• **Input data**:
"""
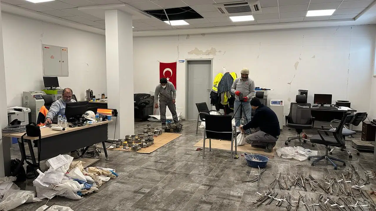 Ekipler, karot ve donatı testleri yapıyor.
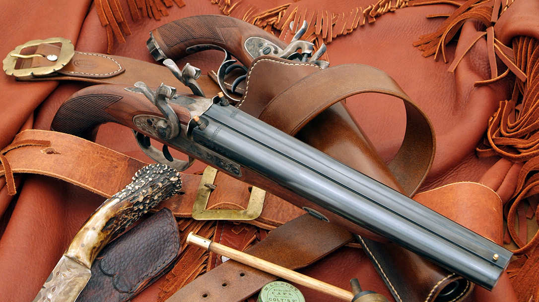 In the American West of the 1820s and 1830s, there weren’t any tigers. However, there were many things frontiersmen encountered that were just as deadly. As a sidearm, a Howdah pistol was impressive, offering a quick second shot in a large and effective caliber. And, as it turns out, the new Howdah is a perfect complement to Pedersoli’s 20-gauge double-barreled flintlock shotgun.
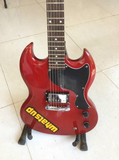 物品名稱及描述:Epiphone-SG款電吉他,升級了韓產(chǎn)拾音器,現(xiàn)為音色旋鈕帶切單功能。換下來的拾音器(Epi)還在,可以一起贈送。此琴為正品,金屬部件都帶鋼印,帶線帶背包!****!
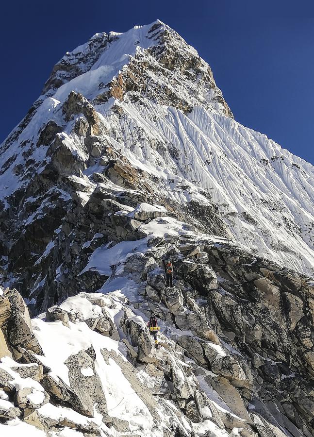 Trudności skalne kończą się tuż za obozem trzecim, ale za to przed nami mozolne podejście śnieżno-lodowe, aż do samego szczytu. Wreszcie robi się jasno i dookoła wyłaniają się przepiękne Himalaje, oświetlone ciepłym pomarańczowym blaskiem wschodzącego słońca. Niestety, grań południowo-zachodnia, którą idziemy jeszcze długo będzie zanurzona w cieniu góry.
"""
• **The task**: The line with "In the American" marks the end: restate word for word every line from the top of the data through that one, omitting pictures.

• **Output of the task**:
 Ekipler, karot ve donatı testleri yapıyor.
 In the American West of the 1820s and 1830s, there weren’t any tigers. However, there were many things frontiersmen encountered that were just as deadly. As a sidearm, a Howdah pistol was impressive, offering a quick second shot in a large and effective caliber. And, as it turns out, the new Howdah is a perfect complement to Pedersoli’s 20-gauge double-barreled flintlock shotgun.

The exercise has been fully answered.